The average length of stay for LAAC was 4.6 days in the pre-FDA approval era of WATCHMAN.⁸ Currently, standard practice post-procedure typically involves monitoring patients overnight and discharging the following day.¹⁰ According to a recent study utilizing the National Inpatient Sample database, the median length of stay is 1 day.¹⁰ At present, SDD has been used for other cardiac procedures, including elective percutaneous coronary intervention,¹⁸ radiofrequency catheter ablation,¹⁹ and patent foramen ovale closure without increased risk of complications compared with overnight monitoring.²⁰ With increasing experience, elective LAAC should be included among these procedures. SDD in uncomplicated elective LAAC can reduce the length of stay, thereby improving resource utilization and reducing overall health care costs. The average cost savings have been estimated at $2500 per patient,²¹ which should translate into better use of hospital resources. Furthermore, SDD may improve patient satisfaction, as shown in previous literature on elective percutaneous coronary intervention.²²

Limitations

The main limitation of this study is its observational nature with several inherent limitations, including risk for selection bias, confounding bias, and the inability to attribute causation. However, the inherent selection bias associated with SDD patients reinforces that the operator and patient/family are appropriately selecting those who may be suitable for SDD.

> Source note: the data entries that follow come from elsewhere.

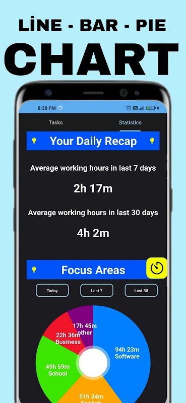 Workify ile kolayca görevler oluşturabilir ve bunlara harcadığınız dakikaları günlüğe kaydedebilirsiniz. SAT veya GRE gibi çok önemli bir sınava hazırlandığınızı hayal edin. Her çalışma oturumu için bir görev oluşturabilir ve buna ayırdığınız tam zamanı kaydedebilirsiniz. Ana ekranda toplam çalışma saatleriniz gerçek zamanlı olarak görüntülenerek üretkenliğinizi en üst düzeyde tutmanıza yardımcı olur.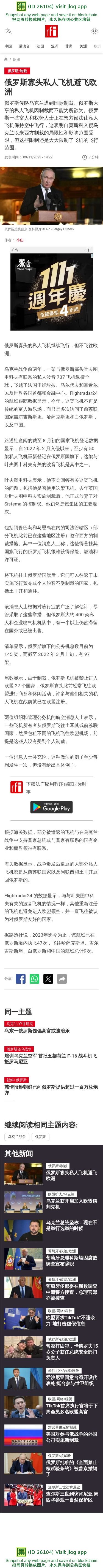 新闻原始地址:https://www.rfi.fr/cn/%E6%AC%A7%E6%B4%B2/20231109-%E4%BF%84%E7%BD%97%E6%96%AF%E5%AF%A1%E5%A4%B4%E7%A7%81%E4%BA%BA%E9%A3%9E%E6%9C%BA%E9%81%BF%E9%A3%9E%E6%AC%A7%E6%B4%B2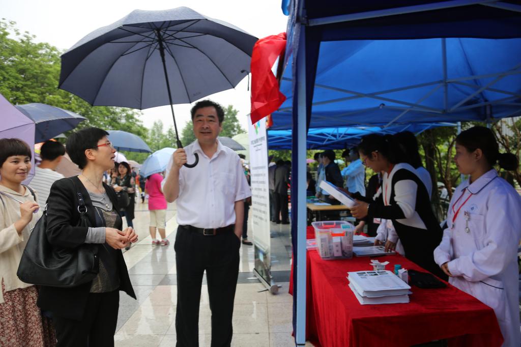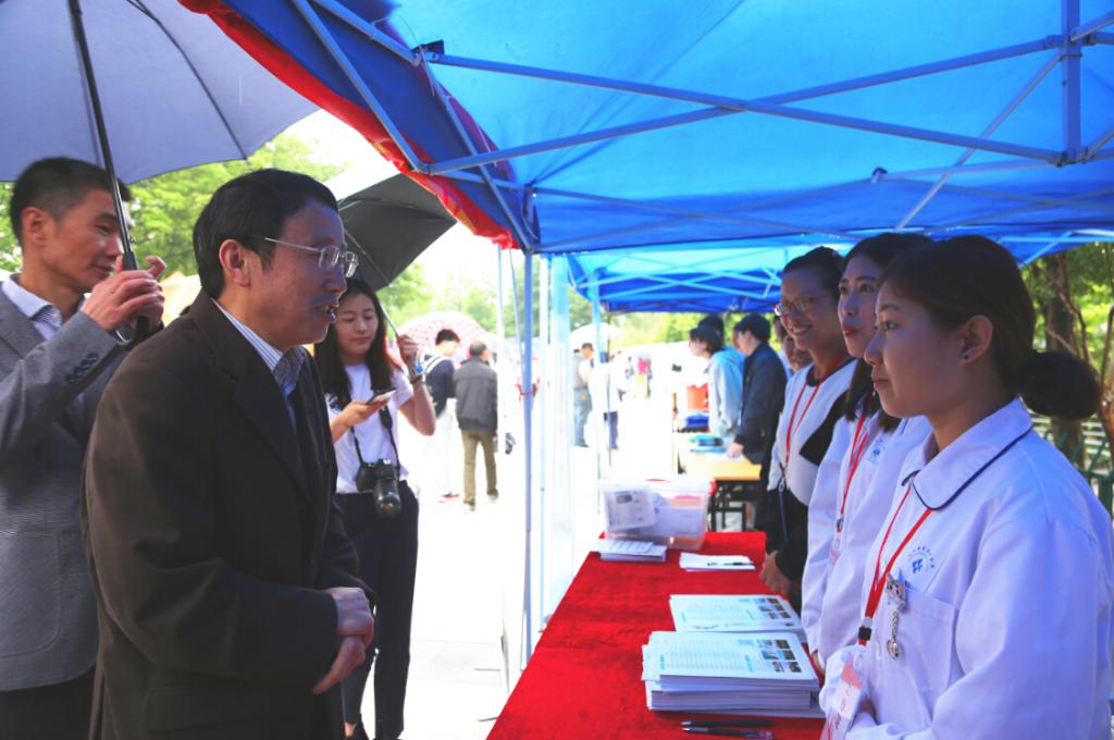 我校部分师生参加了此次职业教育活动周活动。刘希平厅长一行冒雨来到我校展位前,他问咨询台前身穿护士服的学生:“你们以谁作为榜样?”来自彩虹鱼康复护理学院的学生们异口同声地回答:“南丁格尔!”“我们杭州市也有像南丁格尔一样的人物,你们要像他们学习,努力成为新时代的‘南丁格尔’。”刘厅长对学生们提出了殷切期盼,并同我校副校长许淑燕进行了交流,充分肯定了杭职院这两年快速发展取得的办学成效。

Second, the small sample size may lead to the study being underpowered to detect a statistically significant difference in clinical outcomes. However, the complication rates with the WATCHMAN procedure were relatively low in recent studies, likely due to increased hospital and operator experience.^6–8 As such, a study powered to detect a statistically significant difference in clinical outcomes between the SDD and non-SDD groups would require a much larger sample size.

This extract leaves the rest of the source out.